Section: Systems and Control
Tutor: GARATTI SIMONE Major Research topic
:Hierarchical and multilayer structures for large-scale systems
Advisor: SCATTOLINI RICCARDOAbstract:
Over the last decades, the complexity of systems is continuously increasing due to economic reasons and technological advances. It is known that the centralized Model Predictive Control (MPC) solutions for such large-scale systems might result in unacceptable control performance. Moreover, centralized controllers are not scalable and difficult to maintain. For these reasons, in the last twenty years, decentralized and distributed MPC algorithms have been developed with a number of local problems solved in parallel to achieve global or local objectives. An alternative to decentralized and distributed control consists in the use of hierarchical control structures based on MPC. This approach is very powerful especially for control of systems with separable fast and slow dynamics, for the coordination of subsystems and when it is required to consider different objectives in the long term and regulation problems in the short term.
This Thesis addresses the theoretical development of hierarchical and multilayer control algorithms based on MPC for large-scale systems.
In Chapter 2, we develop a two-layer control structure for the coordination of independent linear dynamic systems with input and joint output constraints. At the higher layer, a reduced order dynamic model of the system's components is used to state and solve an economic MPC algorithm in a long time scale. The outcomes of this layer are the components of the control variables to be held constant over the long sampling periods. At the lower layer, decentralized MPC controllers, one for each subsystem, are implemented in a shorter timescale and according to a shrinking horizon strategy to compensate for the model inaccuracies at the high level.

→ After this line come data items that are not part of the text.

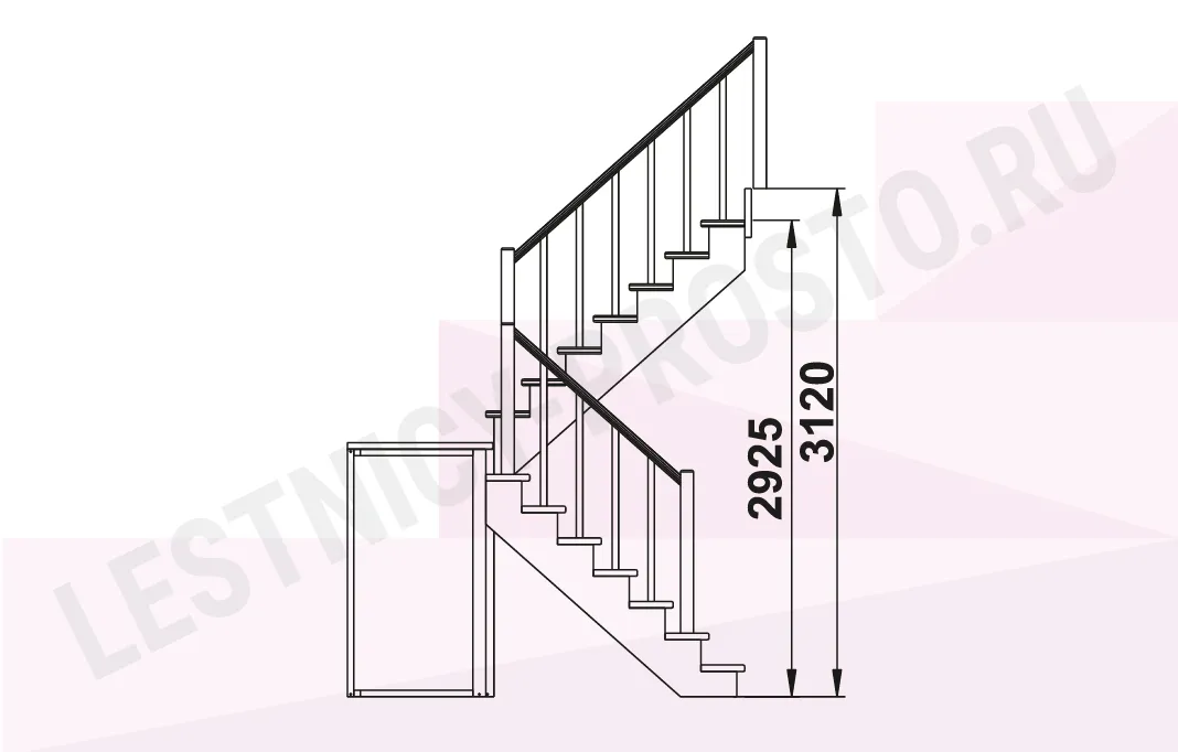 Базовый комплект включает в себя элементы лестницы и ограждения без какого-либо покрытия.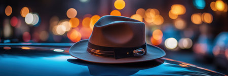 A classic gentleman's hat is placed atop the hood of a vintage car, with vibrant city lights creating a stunning nighttime ambiance.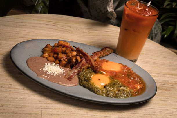Totopos bañados en salsa verde, crema y queso, acompañados con huevos estrellados, frijoles y papa country.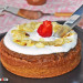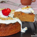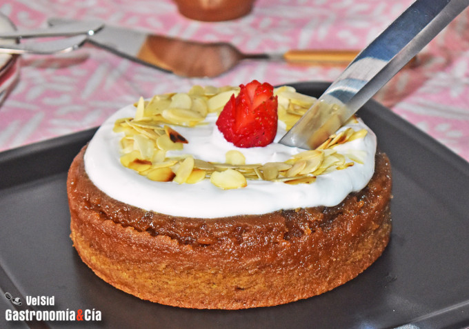 Presenta el bizcocho de calabaza en una bandeja o tartera. Endulza el yogur colado con sirope de arce y cubre con él el bizcocho. Termina decorando con las almendras tostadas y a disfrutar. ¡Buen provecho!

The overall convergence, recursive feasibility, as well as the fulfillment of the joint constraints, are obtained under mild assumptions.
A fully scalable hierarchical control scheme for coordination of similar independent systems with joint output and input constraints is presented in Chapter 3. Differently from Chapter 2, a scalable low-dimensional model mapping the common input to the collective output is used at the high layer, this model is easily determined from the impulse responses of the subsystems. The outcome of the high layer is the value of the common input to be held constant and to be distributed among the subsystems based on a specific weight associated with each subsystem. This approach allows to modify the system configuration with time varying weights, in terms of the contribution provided by any subsystem to the overall system performance, and to implement plug-and-play operations. The recursive feasibility is guaranteed also during plug-in and plug-out operations, and the overall convergence of the system output to the set-point is proven.
Finally, in Chapter 4, we extend the hierarchical control structure to large-scale interconnected systems. At the higher layer, a robust centralized MPC algorithm based on a reduced order dynamic model optimizes a long-term performance index, while at the lower layer local MPC regulators, are designed for the full order models of the subsystems to refine the control action computed at the higher layer. The recursive feasibility and robustness of the two layer algorithm are guaranteed and the overall convergence of the state to the steady state is fully discussed.
Several simulation examples are reported to show the effectiveness of all the proposed algorithms.